Haas F1: Oliver Bearman racconta la solitudine nella sua stagione da rookie
Riassunto
Oliver Bearman ammette la solitudine nella prima stagione, lavora con un coach e spera di applicare le nuove strategie nella seconda stagione di F1.
Oliver Bearman ha confessato che, nonostante i risultati che lo hanno messo davanti al compagno di squadra più esperto, la solitudine è stata la sua più grande prova nella stagione da novellino.
Perché è importante
- Il benessere mentale è fondamentale per le prestazioni al top, ma spesso resta in secondo piano nello sport ad alta pressione come la F1. La sua franchezza mette in luce il lato umano del pilota di GP e spinge i team a considerare il supporto psicologico.
I dettagli
- Bearman ha sottolineato che i viaggi lunghi e le barriere linguistiche (in Giappone, Cina) hanno amplificato il senso di isolamento rispetto alle categorie junior.
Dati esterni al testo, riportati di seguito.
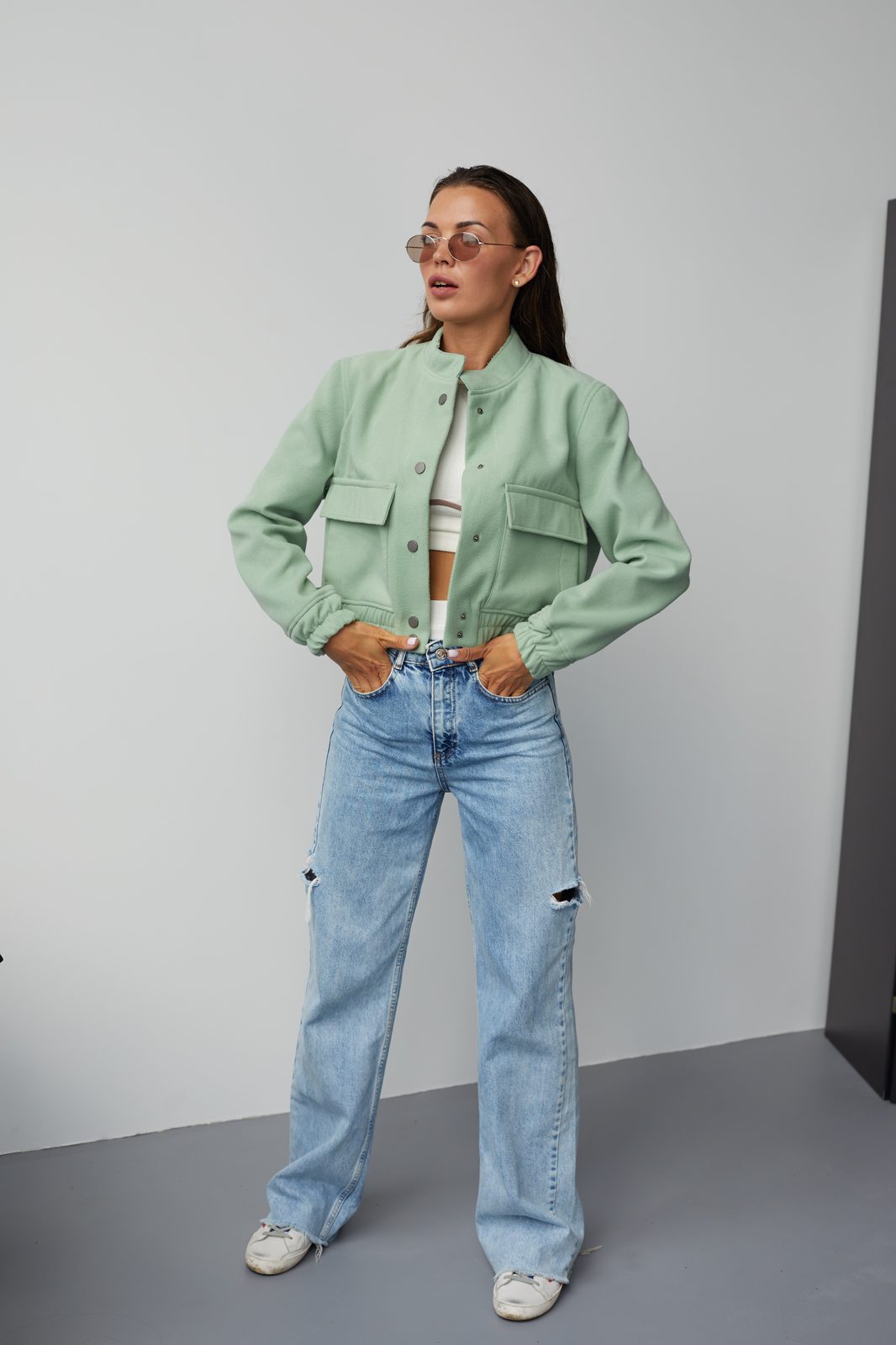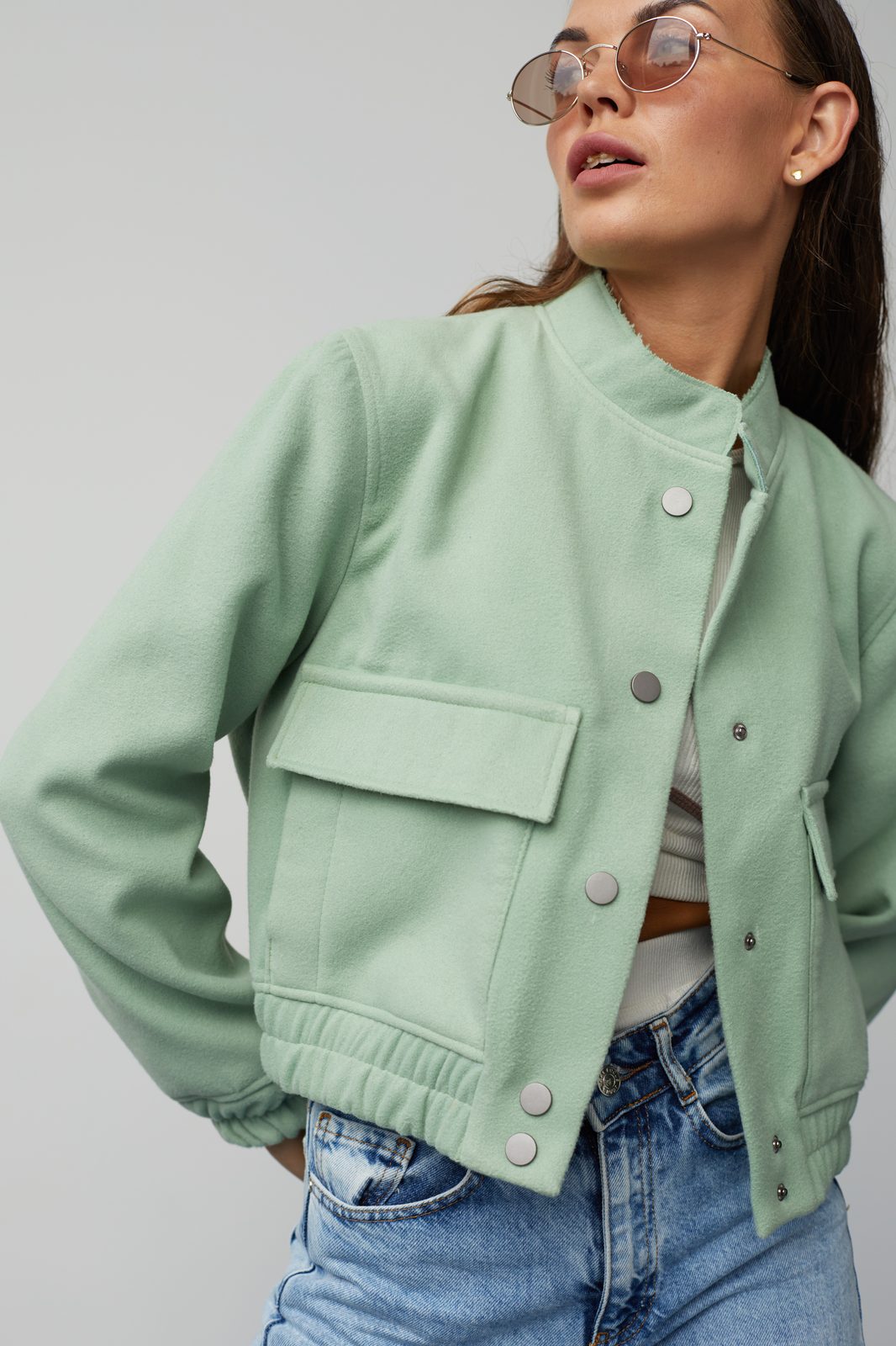 OLIVE WOOL BOMBER Modern classic in a premium execution. The wool bomber is the perfect balance between structure and comfort. Minimalism that stands the test of time. Size: One Size Material: 100% coat wool

- Nei weekend di gara è circondato da centinaia di persone, ma al ritorno in hotel lo attende una camera vuota, senza momenti privati.
- La solitudine è più evidente dopo gare difficili, quando avrebbe voluto confidarsi con familiari o persone care.
- La presenza del padre in molte gare è stata una costante di continuità, ma non è stato possibile per tutti gli eventi.
- All’inizio tendeva a trattenere le emozioni, sentendo la vita ruotare incessantemente attorno alle corse.
Cosa succederà
- Bearman ha iniziato a lavorare con un coach per sviluppare strategie di coping, puntando su gratitudine e cambiamento di prospettiva. Dice che il sé di 10 anni sarebbe “piuttosto felice” della sua attuale situazione.
- Entrando nella seconda stagione, con routine più consolidate, questi strumenti saranno vitali per gestire le continue esigenze del calendario F1 e mantenere le prestazioni sotto pressione.
- La sua apertura potrebbe stimolare un dialogo più ampio sul benessere dei piloti all’interno del paddock.